# Backyard Fire Pit advice



## abrucerd

Hi all!

I'm looking for some advice/tips on building a fire pit in my back yard, and I've had a lot of success with the Pellet forum so I decided to try out a post in here as well.

I want to build it more natural than with a polished finish... so leaning towards loose field stones (no mortar).  However, most of the DIY sites & videos are designed for masonry bricks and cap stones, etc, so I wanted to get a feel for what other recommend.


Question dump:
Is is better to go with the finished bricks or loose stones (from a safety perspective)?   If so, what types of stones are recommended?  Do I need to line the inner wall with fire brick?  What about the base... I've read about lining it with pea gravel... though I'm not sure what for?  What do you recommend for clearance above the firepit (height-wise)?

Let me know what you think... I'd love to see what others have done too.

Thanks in advance!

adam


----------



## firefighterjake

I guess my feeling is that a fire pit has to be one of the most primitive constructions known to man . . . I mean it's not exactly rocket science. Dig a hole, line it with rocks . . . or you can be lazy like me and just grab some nearby fieldstones from the rock wall, don't even bother digging a pit and build a rock ring.

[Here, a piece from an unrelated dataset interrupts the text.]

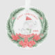 This cute White Elephant first Christmas design features a watercolor elephant wearing a Santa hat. You can add a name on a red ribbon banner and the year.

That said . . . hopefully other folks will come along shortly to show you their fire pits . . . which I am sure will be fancier than my simple rock ring.


----------



## billb3

no shortage of stones and rocks here to make a circle with.


Unless this fire was in the woods with  dry peaty  mulch that would burn the usual dirt   usually doesn't burn.
Then you might want some inches of gravel under the ashes.


Beyond primitive there's lots of ways to make a fancy pit.


----------



## REM505

One thing I noticed and don't really like on the metal fire pit is that if it starts to get windy it will throw the flames out about a foot over the sides.  I So keep that in mind when building wall height especially if you will have children or pets near.


----------



## woodchip

firefighterjake said:
			
		

> I guess my feeling is that a fire pit has to be one of the most primitive constructions known to man, hopefully other folks will come along shortly to show you their fire pits . . . which I am sure will be fancier than my simple rock ring.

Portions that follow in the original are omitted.